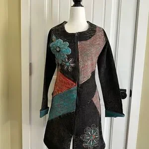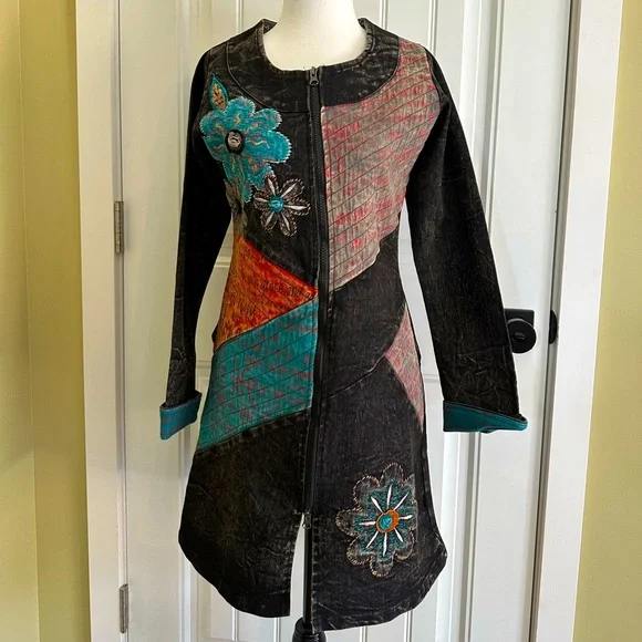 Elevate your style with this colorful embroidered jean jacket. Featuring intricate designs and a blend of vibrant hues, it's perfect for any occasion.
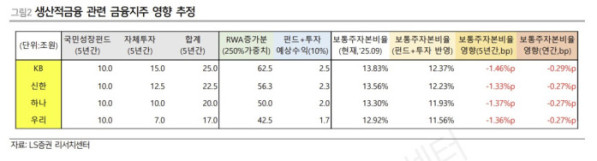 은행지주의 경우 이미 80조~110조 원 규모의 생산적금융 계획을 내놓은 상태다. 이 가운데 국민성장펀드와 자체 투자분을 합친 평균 20조 원 규모 자금에 위험가중치 250%를 적용할 경우, 보통주자본비율(CET1)은 약 28bp 낮아질 수 있다는 분석이다. 포용금융과 관련한 직접 비용 부담은 제한적이지만, 서민금융 출연금 확대 가능성은 상존한다는 평가다.
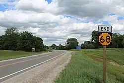 K-68 is a 61.517-mile-long (99.002 km) east–west state highway in the U.S. State of Kansas. K-68's western terminus is at U.S. Route 75 (US-75) and K-31 south of Lyndon and the eastern terminus is a continuation as Missouri Route 2 at the Missouri state line.[2][3][4]
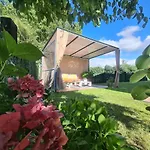 从房间可以欣赏花园风景. 这家别墅的所有3间浴室都配坐浴盆,独立卫生间 和浴缸.
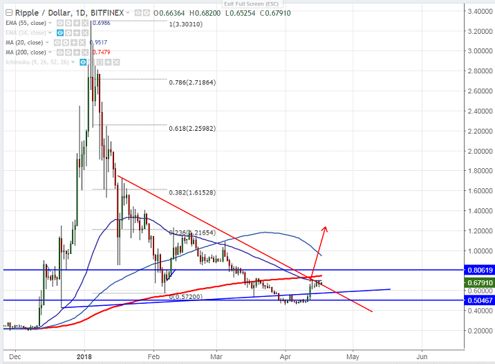 - Ripple has shown a minor recovery after hitting low of 0.63314. The pair was consolidating after a continuous three days of bullishness. It is currently trading around 0.67908. The pair formed almost a double bottom around 0.4500 and major weakness below that level.
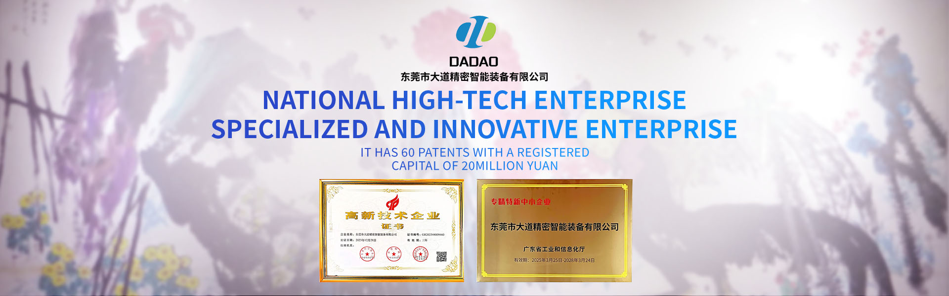 大道精密成立于2019年,公司注冊資本1000萬元,擁有辦公室、廠房等18,000多平方米。已通過ISO9001:2015國際質量管理體系認證,擁有國家各類專利共計58項,獲得“中國大道.商標”和“一帶一路十周年 .國禮品牌”等榮譽稱號,屬于國家高新技術企業,專精特新中小企業。2023年4月成立了“東莞市大道精密智能裝備有限公司關心下一代工作委員會”,是東莞市企石鎮工商聯副會長單位、東莞市企石鎮文學藝術界聯合會副主席單位、東莞市環保包裝行業協會副會長單位、東莞市數控裝備行業協會第二屆會長單位、廣東省包裝技術協會常務理事單位、廣東省膠粘劑行業協會理事單位、國家標準《機械安全中安全防護授權系統的基本要求》起草單位。
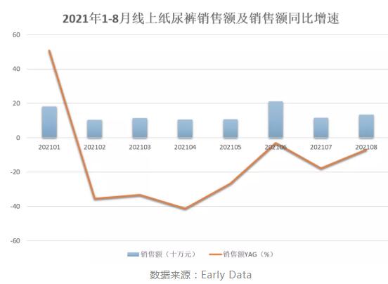 1-8月紙尿褲線上銷售額下跌15.3%
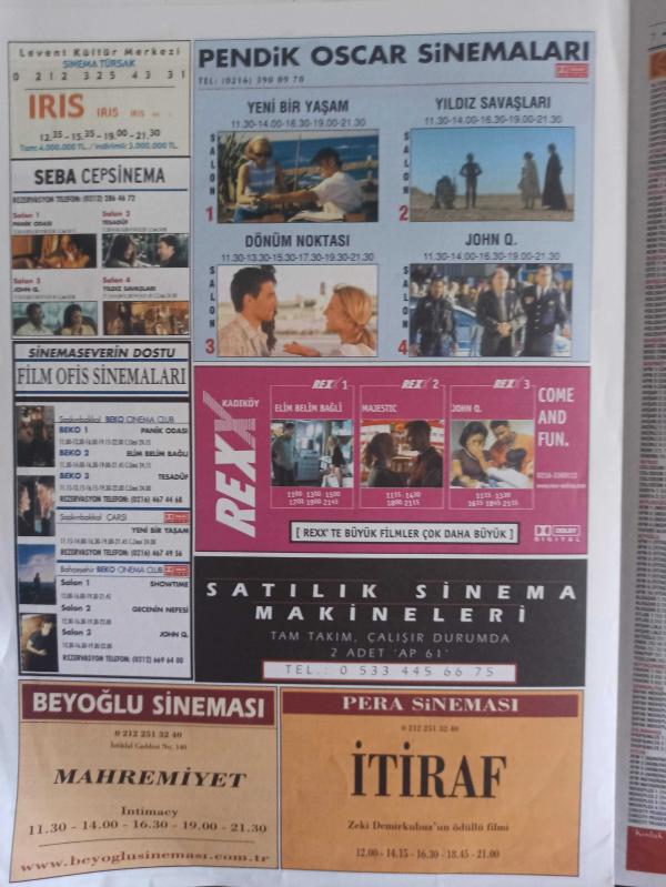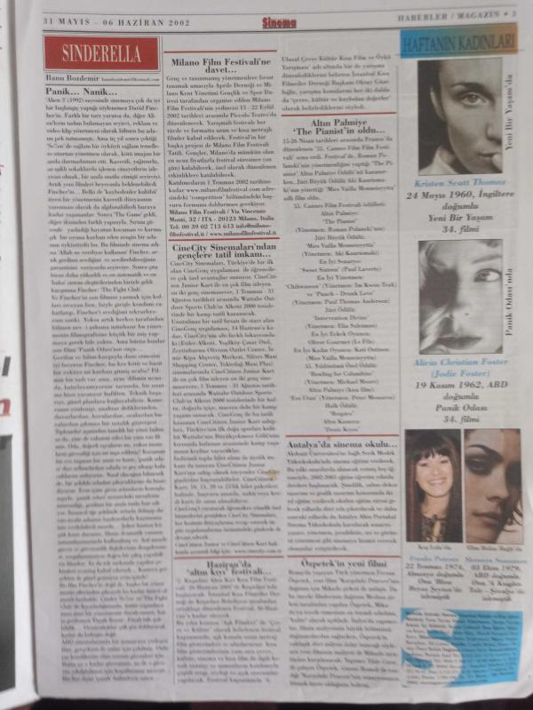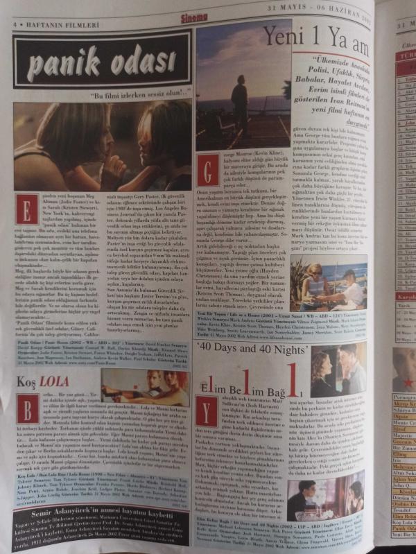 Sinema Gazetesi Haftalık Antrakt Dergisi Eki - 31 Mayıs - 6 Haziran 2002 - Sayı:31 - Panik Odası Filmi - Jodie Foster - Forest Whitaker - Dwight Yoakam - Jared Leto - Kristen Stewart - 6. Uluslararası Çevre Filmleri Festivali Başlıyor - Sinderella - Banu Bozdemir - Kristen Scott Thomas - Alicia Christian Foster - Franka Potente - Shannyn Sossamon - Yeni 1 Yaşam Filmi - Kevin Kline - Hayden Christensen - Elim Belim Bağlı Filmi - Josh Hartnett - Shannyn Sossamon - Paulo Costanzo - Tuncan Okan - Yıldız Tablosu - Pendik Oscar Sinemaları - Sinemalarda Bu Hafta - JBL Hoparlör Reklamı fotoğraf ve haberi - Tam Takım Dergi Yıpranma, sararmalar, kupon kesiği ve yırtılmalar zamana bağlı olarak görülebilir
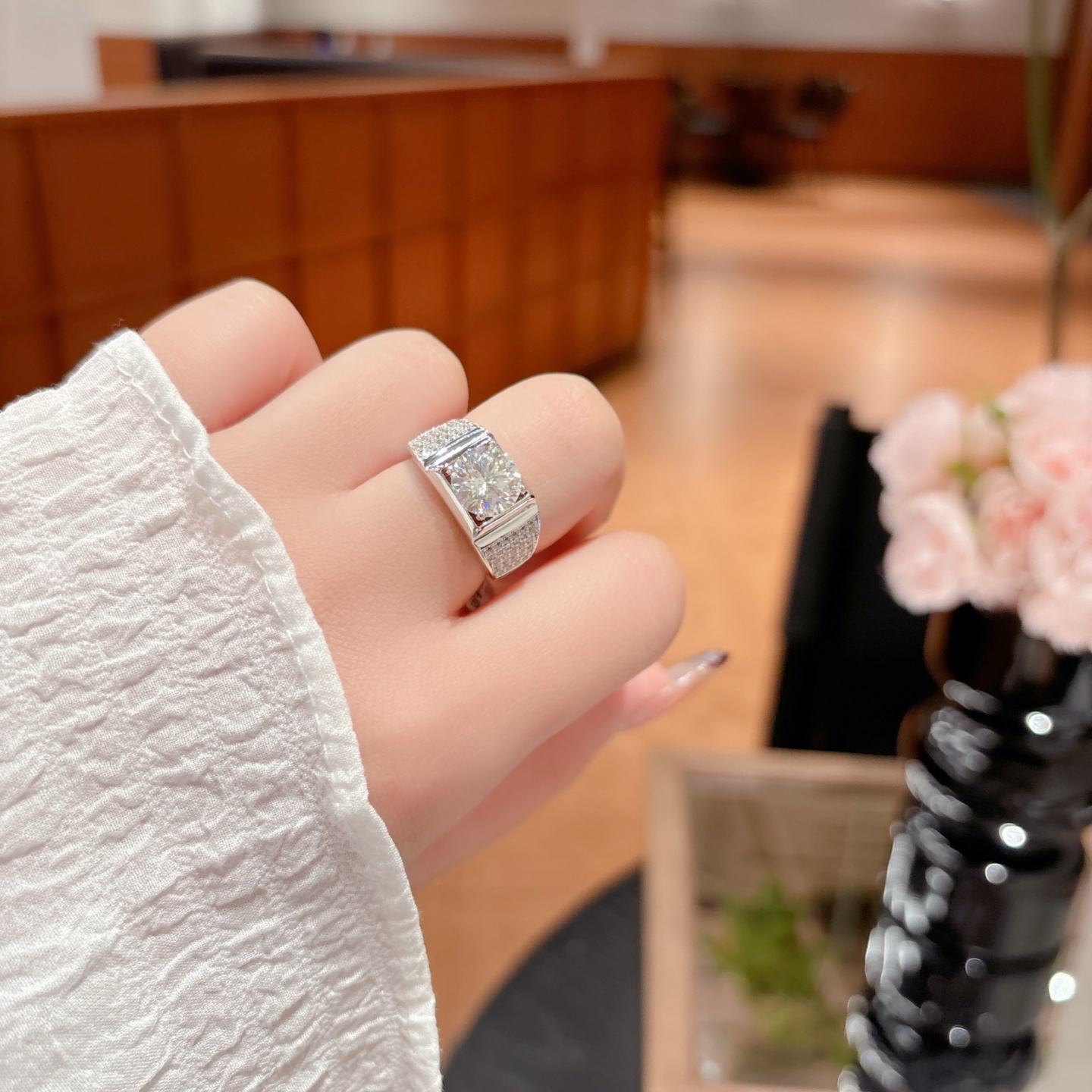 925 Silver Men's Moissanite Ring Playful Wedding Registration Silver
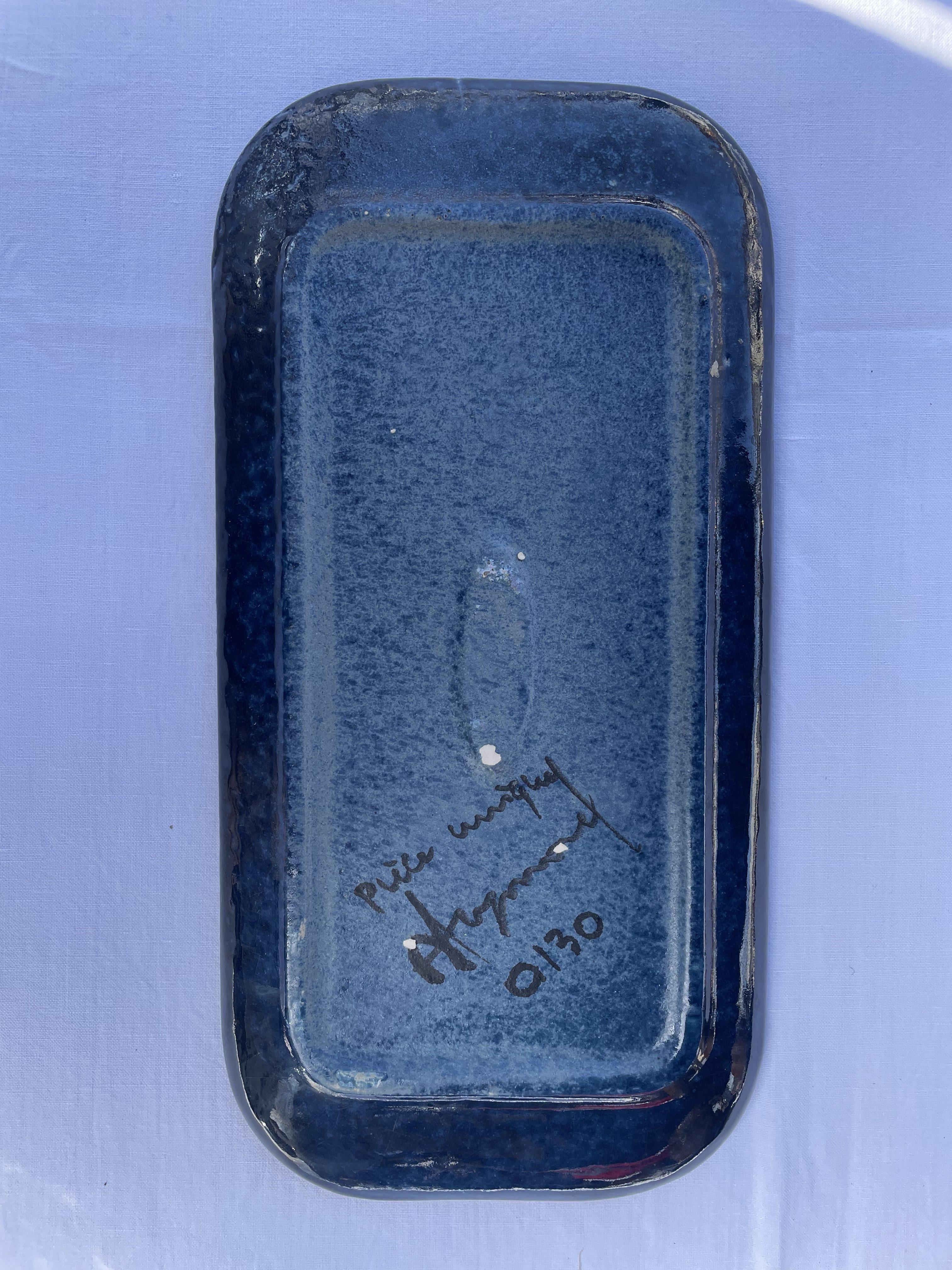 Le plat présenté quelques défauts de cuisson (bulles sur la céramique) et petits éclats au dessous.
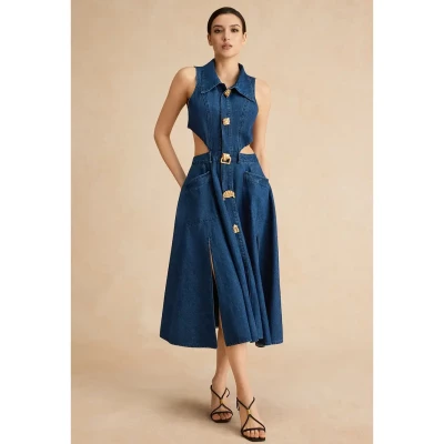 Women's high-rise stretch denim thigh shorts - dark blue, V-shaped ripped detail, elasticated fit
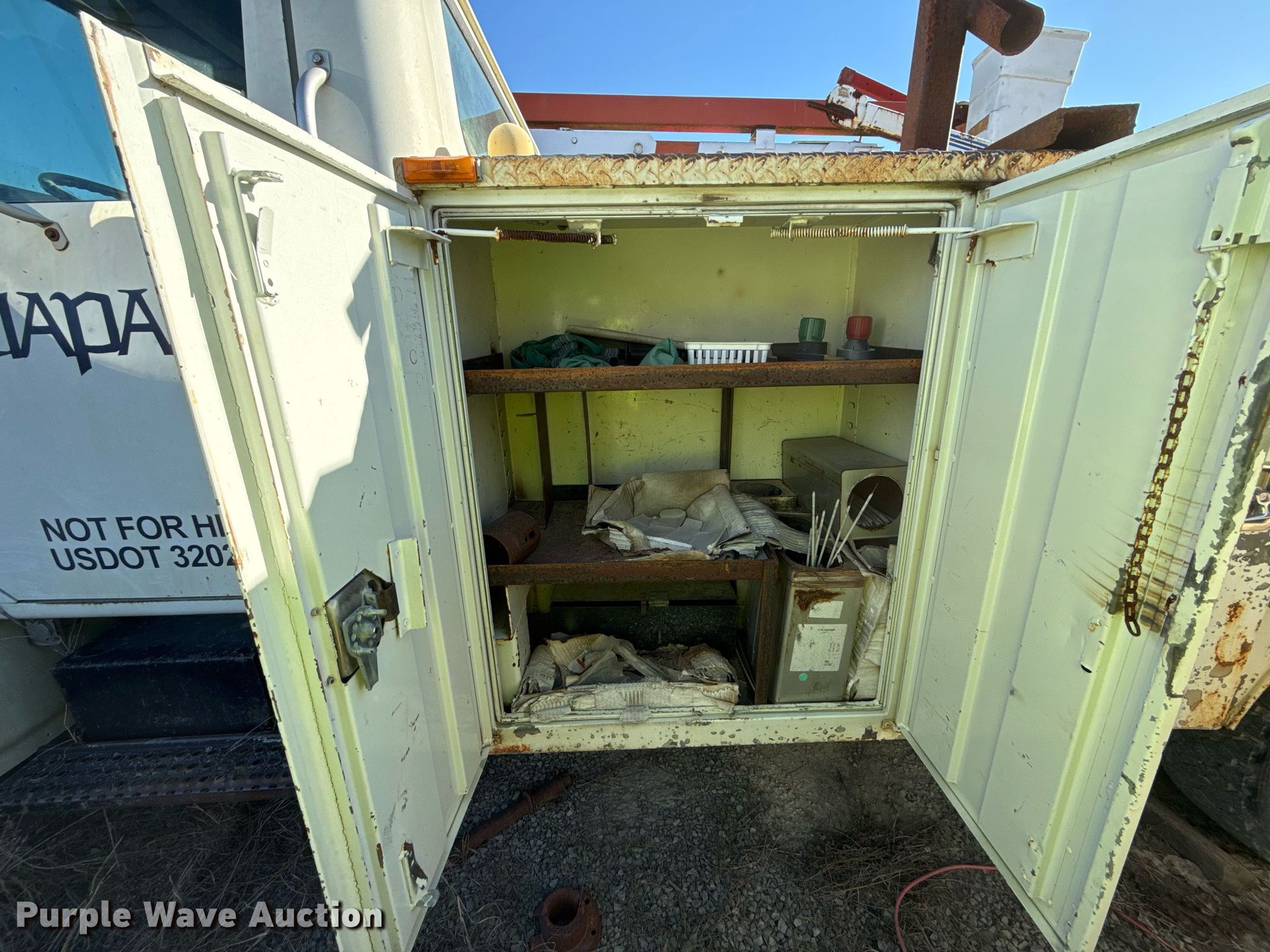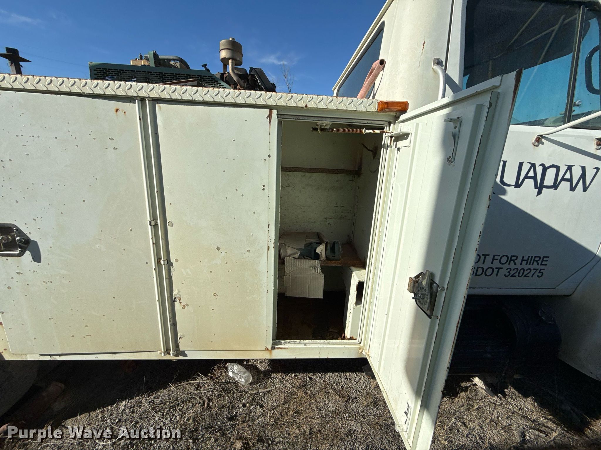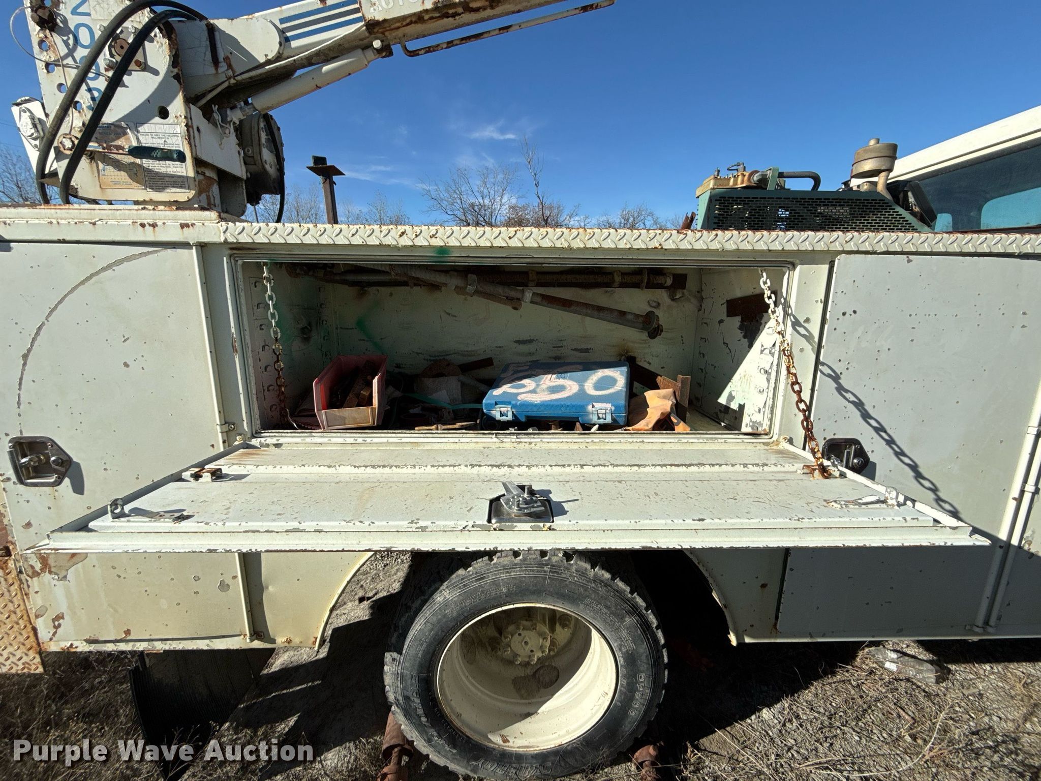 1998 International 4700 utility / service truck. Miles: 127,539 on odometer, Hours: 16,701 on meter, VIN: 1HTSLABK2WH492208, Unit #: 203226. Engine International T444E, Displacement: 7.3L, Cylinders: 6, Fuel type: Diesel. Transmission Automatic. Chassis Axles: Single, Suspension: Spring, Brakes: Hydraulic. Interior AC, Heat, Cruise control, Brake controller. Features Bed 11' L x 94" W, Air compressor Kohler, Crane Auto Crane 2003, Maximum boom length: 9' Maximum lift capacity: 2,000 lbs.. Tires Front: 225/70R19.5, Rear: 245/70R19.5. Notes Contents included, Non-operational air compressor, Non-operational crane, Non-operational unit. Oklahoma title. Title distribution may be delayed up to 30 days from verification of funds. Dolese Bros. Co.. 49066 Oklahoma 33. Drumright, OK 74030
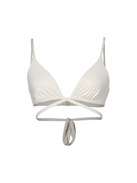 Relaxing at the beach all weekend? Sign me up for that! Summer whites are always a classic with this bikini set, and the cover-up and sunglasses add a fun aqua-toned pop of color to match the ocean waters. Top off your look with accessories, et voilà — a flawless look for a relaxing beach day!
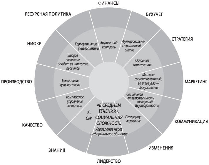 Рисунок 4.2 показывает 12 различных областей управления. Верхняя половина посвящена более осязаемым функциям (производство, персонал, НИОКР, финансы, бухучет, стратегия, маркетинг и продажи), а нижняя – менее ощутимым (качество, знания, лидерство, перемены и коммуникации).
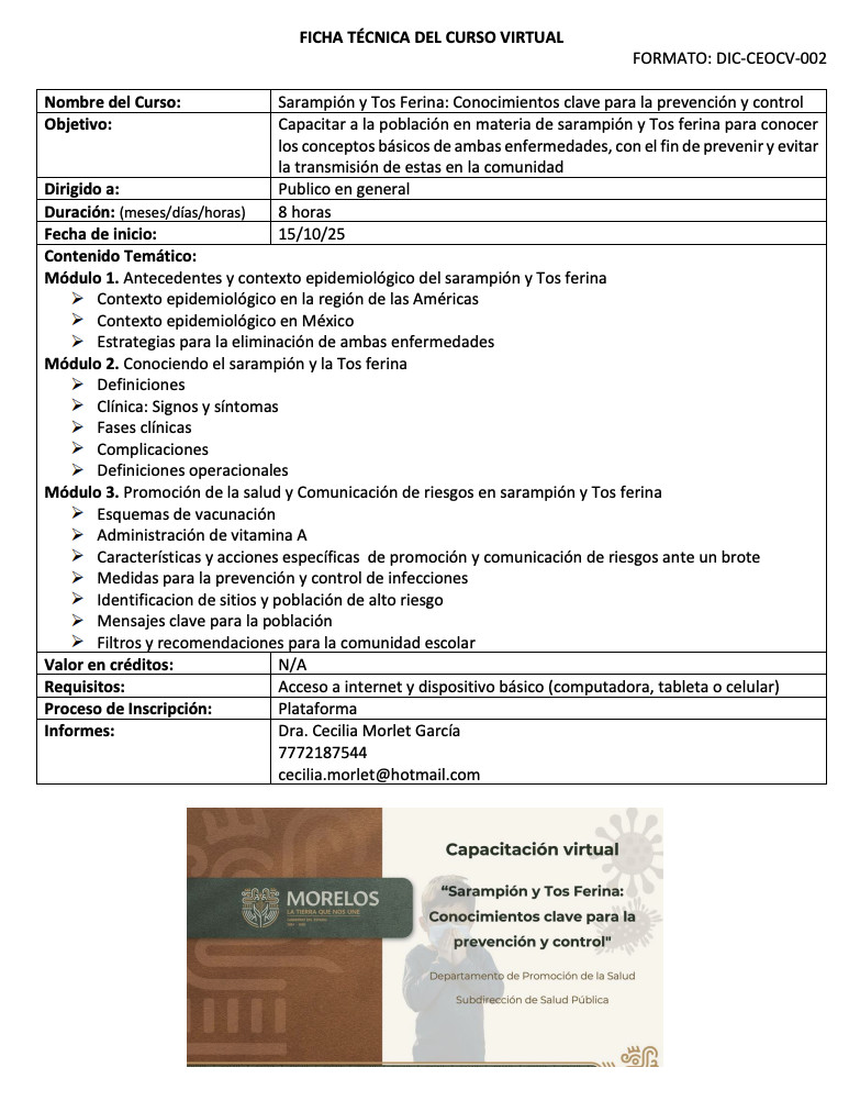 Promoción de la Salud te invita al CURSO VIRTUAL Sarampión y Tos Ferina: Conocimientos clave para la prevención y control

· · · ·

* **EXERCISE REQUIREMENTS**
Skip every picture and return the lines above from the top through the one that contains "- Ripple has".

* **RESPONSE FOR THIS EXERCISE**
 Elevate your style with this colorful embroidered jean jacket. Featuring intricate designs and a blend of vibrant hues, it's perfect for any occasion.
 은행지주의 경우 이미 80조~110조 원 규모의 생산적금융 계획을 내놓은 상태다. 이 가운데 국민성장펀드와 자체 투자분을 합친 평균 20조 원 규모 자금에 위험가중치 250%를 적용할 경우, 보통주자본비율(CET1)은 약 28bp 낮아질 수 있다는 분석이다. 포용금융과 관련한 직접 비용 부담은 제한적이지만, 서민금융 출연금 확대 가능성은 상존한다는 평가다.
 K-68 is a 61.517-mile-long (99.002 km) east–west state highway in the U.S. State of Kansas. K-68's western terminus is at U.S. Route 75 (US-75) and K-31 south of Lyndon and the eastern terminus is a continuation as Missouri Route 2 at the Missouri state line.[2][3][4]
 从房间可以欣赏花园风景. 这家别墅的所有3间浴室都配坐浴盆,独立卫生间 和浴缸.
 - Ripple has shown a minor recovery after hitting low of 0.63314. The pair was consolidating after a continuous three days of bullishness. It is currently trading around 0.67908. The pair formed almost a double bottom around 0.4500 and major weakness below that level.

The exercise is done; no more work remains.